The group also wrote down the value of some of its assets by £59.8m and incurred £28.3m in restructuring costs. These were offset slightly by some asset sales, but pushed the group to a £55.5m loss before tax, compared with a £52.6m profit last year.

Management is not proposing a dividend, and does not expect to for the next few years.

The shares fell 4.6% following the announcement.

View the latest Saga share price and how to deal

Our view

Coronavirus has been a near existential crisis for Saga's Travel division. And while the plan is to start cruising again this year, the future is still very uncertain. That's left the group relying on its insurance operations and available cash and credit to keep going.

To ease cash flow pressure Saga now intends to raise £150m in fresh capital, mostly from former CEO Sir Roger De Haan who will return to the board. The new money will be used to support the group's recovery strategy, and pay down debt.

Management has made a hard headed appraisal of Saga's failings over the last few years, and has announced a new five part strategy to turn things around.

The group will:

  1. Simplify its management structure and reduce headcount by around 23% in the longer term.
  2. Focus more on digital and data capabilities to better identify customer needs, and refresh the brand with a new marketing campaign in 2021.
  3. Optimise and invest in the core Insurance and Travel divisions.
  4. Lower costs across the business.
  5. Pay down debt.

We like management's honesty in assessing what went wrong before, and the new capital will significantly alleviate pressure on the balance sheet. It's reassuring to see a realistic plan in place, but the group still faces an uphill battle.

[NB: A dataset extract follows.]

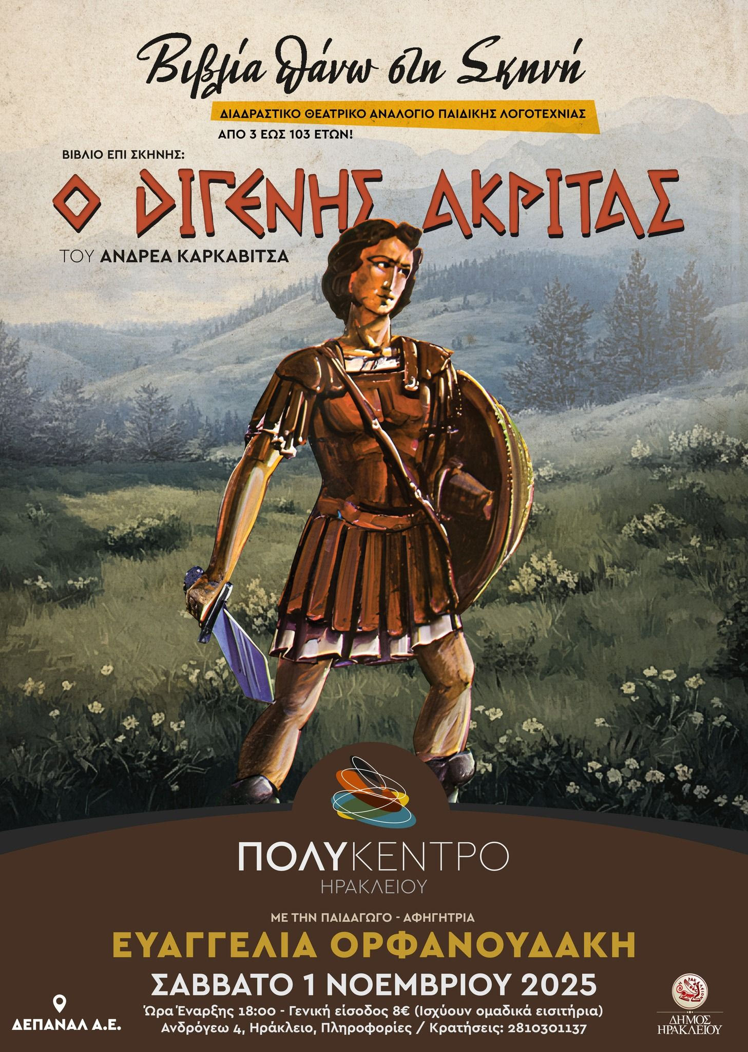 Ο «Διγενής Ακρίτας» του Ανδρέα Καρκαβίτσα θα παρουσιαστεί στο πλαίσιο της δράσης «Βιβλία πάνω στη Σκηνή», με την Ευαγγελία Ορφανουδάκη, στις 6:00 το απόγευμα, στο Πολύκεντρο Δήμου Ηρακλείου(Ανδρόγεω 4).

Personal insurance is a tough market to be in, and increased price transparency and ease of switching has made it increasingly difficult to stand out. We've worried for some time that Saga's brand doesn't resonate with the younger end of its 'over 50s' customer base, and the damage to the cruise division may make this worse.

The Travel division is currently burning cash, but should return to profitability once customers feel confident enough to travel again. The loyalty shown by current customers and the group's forward booking position are reasonably encouraging, but we'll have to wait and see how quickly things can get going again.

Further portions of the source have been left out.